**ASSIGNMENT:** What should be copied is the stretch of entries below from the line with "安井総太郎 チェロリサイタル 安井総太郎" up to and including the line with "Körnerkissen OMA bestickt", exactly and without images.

Saved data entries
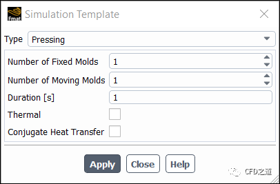 点击Setup → Simulation → Use Template… 显示 Simulation Template 对话框设置压制模拟。 -
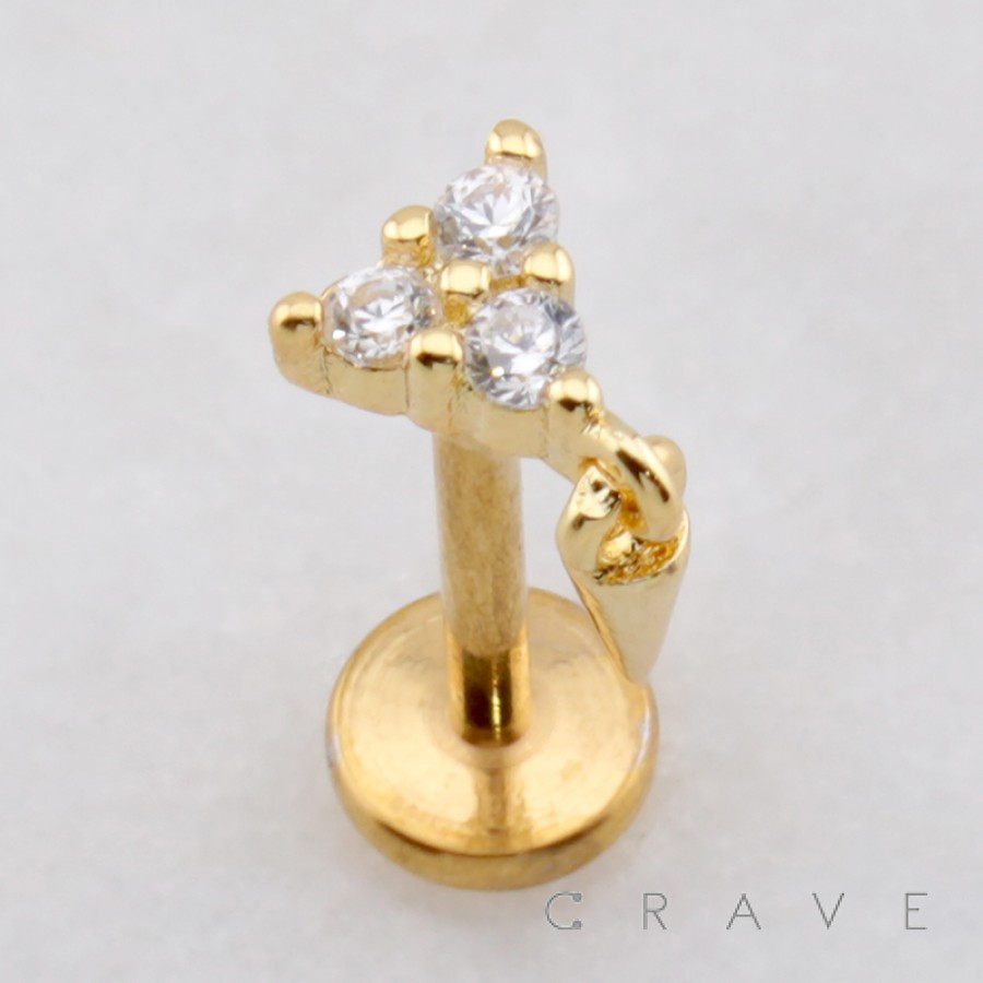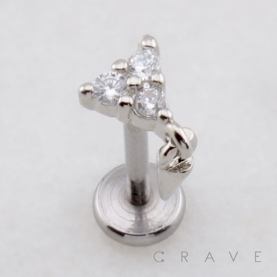MULTI CZ TRIANGLE PYRAMID DANGLE SPIKE CONE THREADLESS (PUSH IN) 316L SURGICAL STEEL LABRET SET
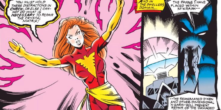 The Dweller-in-Darkness en realidad jugó un papel en la destrucción de su universo anterior. En Aventuras de los X-Men # 11-12 de 1997, se revela que luchó contra la Fuerza Fénix después de causar una grieta en el antiguo y poderoso Cristal M’Kraan. Dañó el cristal, que también se conoce como el Nexo de todas las realidades, y podría tener algo que ver con el multiverso en el MCU, para alimentarse del miedo que surgiría del fin del universo. La Fuerza Fénix frustró su plan al transmitir paz a todos los seres vivos, pero ese universo fue destruido al final.
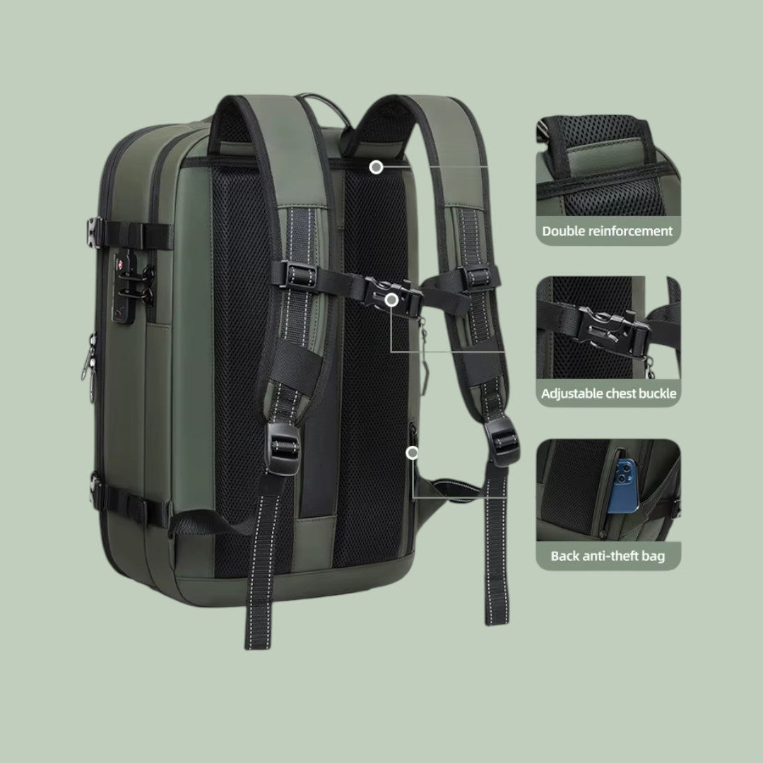 Designed with smart compartments and compression technology, the bag keeps your essentials neatly arranged, secure from shifting, and space-efficient throughout your journey.
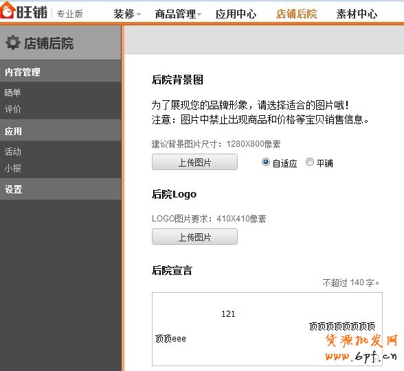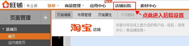 1、新旺鋪用戶:直接進(jìn)入旺鋪裝修后臺,找到導(dǎo)航上的后院,進(jìn)入就行啦。
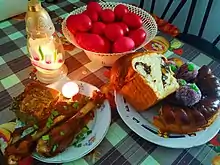 - tsouréki, parfois entouré d'œufs de Pâques rouges
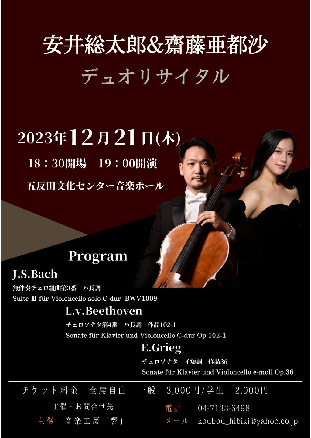 安井総太郎 チェロリサイタル 安井総太郎 & 斎藤亜都沙 デュオリサイタル 奥村智洋 x 安井耕一 ブラームスの夕べ 東京・札幌公演 安井耕一 x 雁部一浩 特別座談会 Vol.2 〜テクニックについて 「安井耕一 LIVE」CD販売のお知らせ
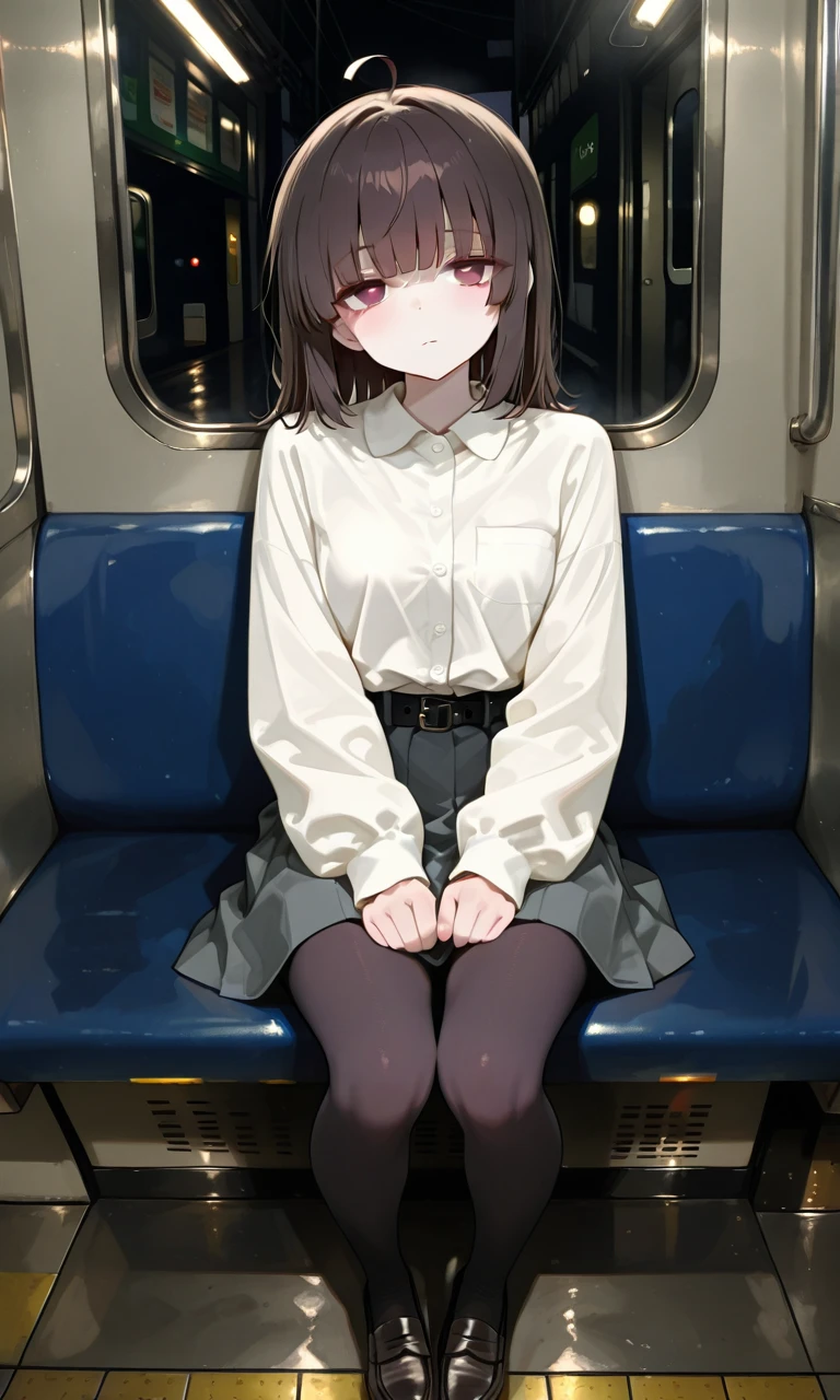 向かいの座席の端に、女性が座っている。黒に近い髪が肩に落ち、色の抜けた通勤服をきちんと着ている。背筋は不自然なほどまっすぐで、膝の上に揃えた手は微動だにしない。視線は窓の外……ではなく、どこにも向いていないように見えた。
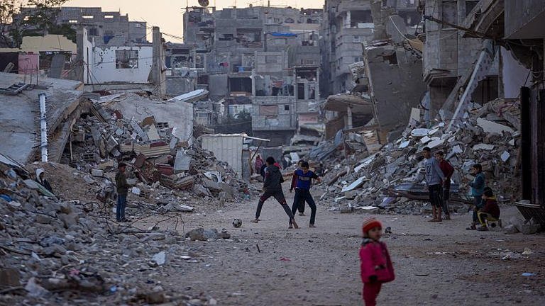 Palestinian children play next to buildings destroyed by Israeli army strikes© AP Photo
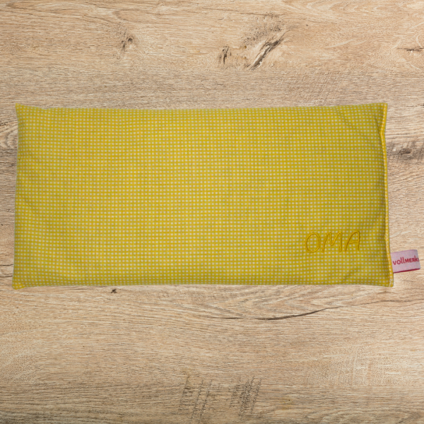Körnerkissen OMA bestickt gelb-weiß-gemustert -sofort lieferbar-
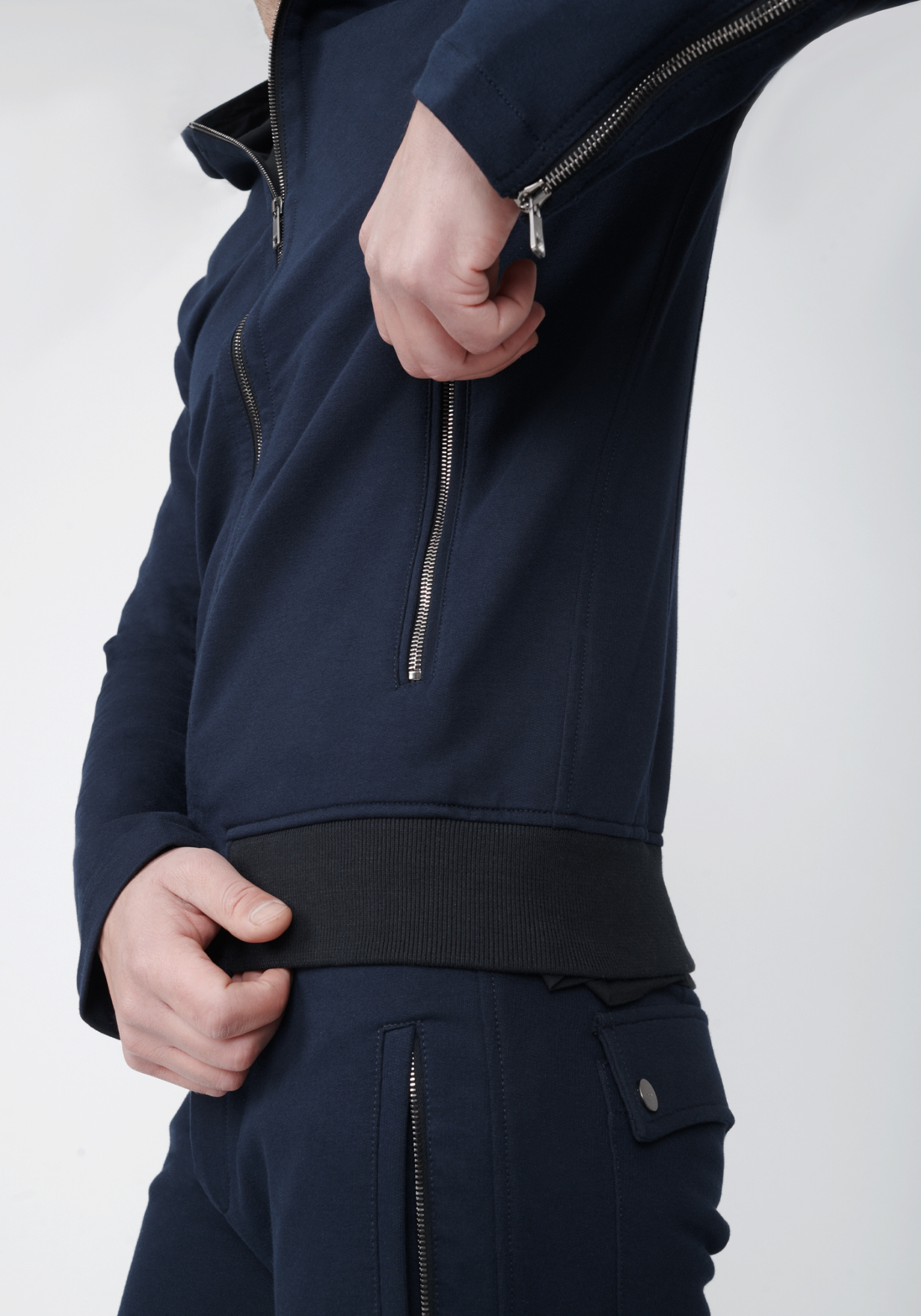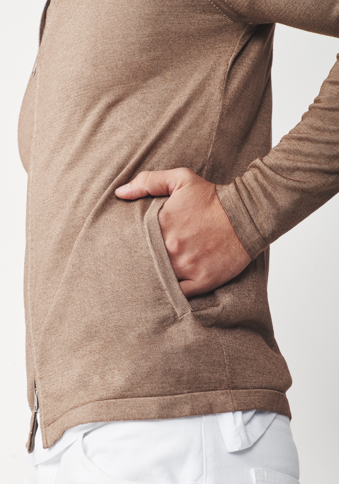 Bien cotton is a heavyweight fabric crafted with a diagonal weave, making it flexible and able to follow movement naturally. The brushed finish gives it a velvety-soft feel while enhancing warmth and insulation. A small percentage of elastane ensures freedom of movement while the garment retains its shape over time.

**RESULT BELOW:**
 安井総太郎 チェロリサイタル 安井総太郎 & 斎藤亜都沙 デュオリサイタル 奥村智洋 x 安井耕一 ブラームスの夕べ 東京・札幌公演 安井耕一 x 雁部一浩 特別座談会 Vol.2 〜テクニックについて 「安井耕一 LIVE」CD販売のお知らせ
 向かいの座席の端に、女性が座っている。黒に近い髪が肩に落ち、色の抜けた通勤服をきちんと着ている。背筋は不自然なほどまっすぐで、膝の上に揃えた手は微動だにしない。視線は窓の外……ではなく、どこにも向いていないように見えた。
 Palestinian children play next to buildings destroyed by Israeli army strikes© AP Photo
Körnerkissen OMA bestickt gelb-weiß-gemustert -sofort lieferbar-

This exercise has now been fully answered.